* **ACTION ITEM**
Your reply should reproduce the data below without a single alteration, apart from dropping the images.

* **DATA**

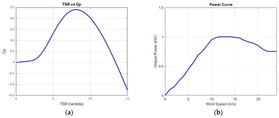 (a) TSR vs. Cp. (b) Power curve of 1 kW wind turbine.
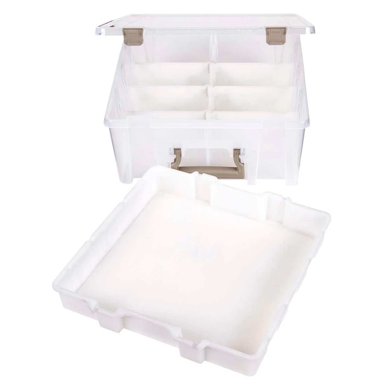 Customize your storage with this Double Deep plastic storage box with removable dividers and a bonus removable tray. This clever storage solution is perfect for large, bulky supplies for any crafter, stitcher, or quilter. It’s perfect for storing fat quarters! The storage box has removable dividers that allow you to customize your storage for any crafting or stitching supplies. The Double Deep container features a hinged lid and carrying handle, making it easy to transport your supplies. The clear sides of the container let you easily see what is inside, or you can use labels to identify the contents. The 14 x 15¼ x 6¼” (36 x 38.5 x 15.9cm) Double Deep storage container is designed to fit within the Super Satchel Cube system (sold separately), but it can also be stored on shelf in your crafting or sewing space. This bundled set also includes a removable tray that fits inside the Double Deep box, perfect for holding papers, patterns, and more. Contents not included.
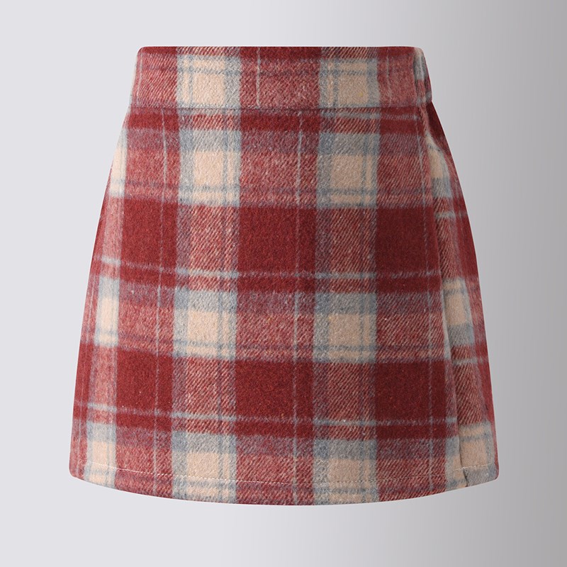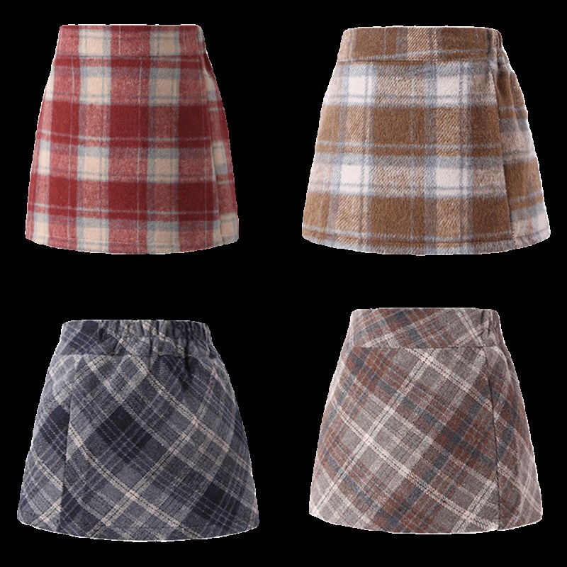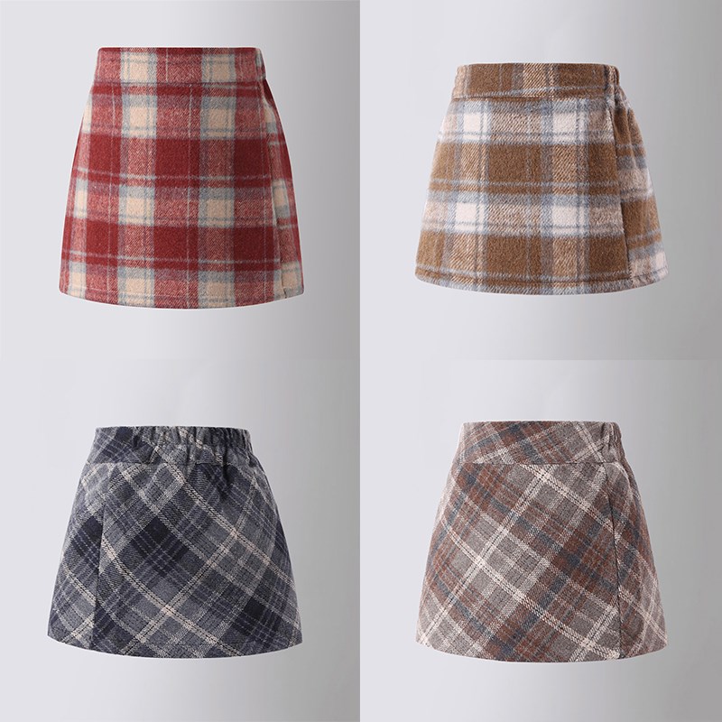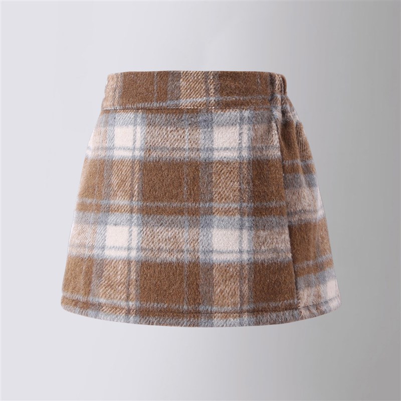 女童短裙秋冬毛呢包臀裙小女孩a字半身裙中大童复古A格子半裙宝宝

* **YOUR SOLUTION**
 (a) TSR vs. Cp. (b) Power curve of 1 kW wind turbine.
 Customize your storage with this Double Deep plastic storage box with removable dividers and a bonus removable tray. This clever storage solution is perfect for large, bulky supplies for any crafter, stitcher, or quilter. It’s perfect for storing fat quarters! The storage box has removable dividers that allow you to customize your storage for any crafting or stitching supplies. The Double Deep container features a hinged lid and carrying handle, making it easy to transport your supplies. The clear sides of the container let you easily see what is inside, or you can use labels to identify the contents. The 14 x 15¼ x 6¼” (36 x 38.5 x 15.9cm) Double Deep storage container is designed to fit within the Super Satchel Cube system (sold separately), but it can also be stored on shelf in your crafting or sewing space. This bundled set also includes a removable tray that fits inside the Double Deep box, perfect for holding papers, patterns, and more. Contents not included.
 女童短裙秋冬毛呢包臀裙小女孩a字半身裙中大童复古A格子半裙宝宝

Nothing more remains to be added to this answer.